Marriage Communication: A Solid Principle for Solid Marriages
January 25th, 2010 by admin
Marriage is and always has been one of the bedrock institutions on which successful cultures and societies are built. Why? Because without solid marriages — with all the positive benefits they provide for people — stable families would not exist; in many cases morals would be greatly compromised; and in general, people would be far less content in life. Regardless of contrary opinion, people tend to flourish in community; true communities are composed of smaller communities, i.e., the family; and the family is built around marriage. This is why marriage is such a profound institution and why marriage communication is essential for the marriage to survive. The remainder of this article will focus on a few reasons why successful communication is so crucial to your marriage and hopefully motivate you and your spouse to begin or continue a positive marriage dialogue
One of the primary areas where solid communication in a marriage is crucial is knowing and understanding how there will be times during your marriage where you and your spouse will not agree. Regardless of the area of disagreement, simply communicating how and why you disagree is huge. In fact, lack of communication has been cited as one of the top reasons why many marriages fail. The concepts is simple: talk about your disagreements; learn to listen, compromise, and find common ground; and then move forward. None of the above, however, ever occurs without first engaging in some type of marriage communication. Simply allowing an issue, no matter how large or small, to be left unresolved because neither you or your spouse are unwilling to communicate your displeasure is an age-old recipe for unrest in your marriage.

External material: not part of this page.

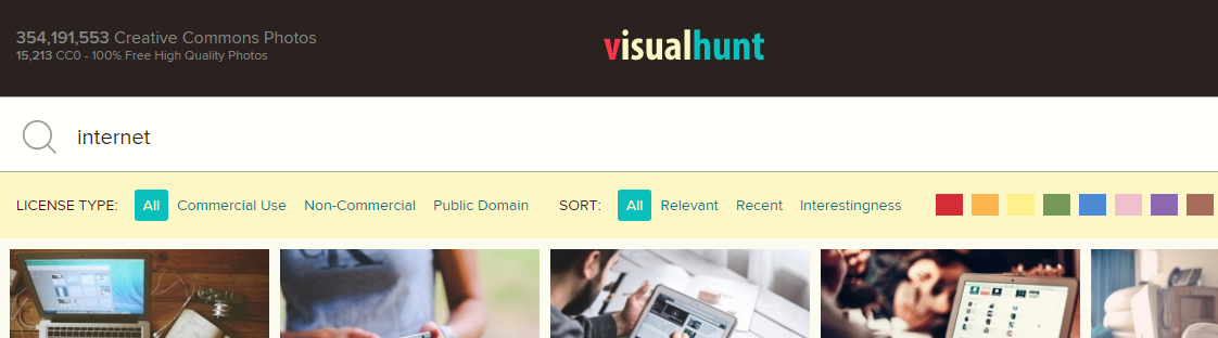 Chama-se Visual Hunt e é uma autêntica biblioteca de imagens de alta resolução que podemos usar livremente. Com um motor de busca muito bem elaborado o site permite fazer a pesquisa através de palavras-chave, usando filtros de uso comercial, domínio público e com licença creative commons. Ainda possibilita a pesquisa por cor.

Another aspect of healthy marriage communication is by simply talking to your spouse on a regular basis about daily life. Although this may sound like common sense, numerous studies have shown that over time, as many married couples become involved with activities outside the home, e.g. careers, other hobbies, and interests, the amount of time they spend just talking about what is going on in each other’s life decreases. The solution, as logical as it sounds, is relatively simple: slow down, make time for each other no matter how busy your life appears, and truly make an investment of time. Quality relationships require time; and proper communication in marriage is a large part of that time investment.
The principle is easy: quality societies are built upon quality people. Quality people thrive in community. And thriving communities are built upon quality marriages and the family. Take the time to invest in your marriage daily by making sure your marriage communication is solid.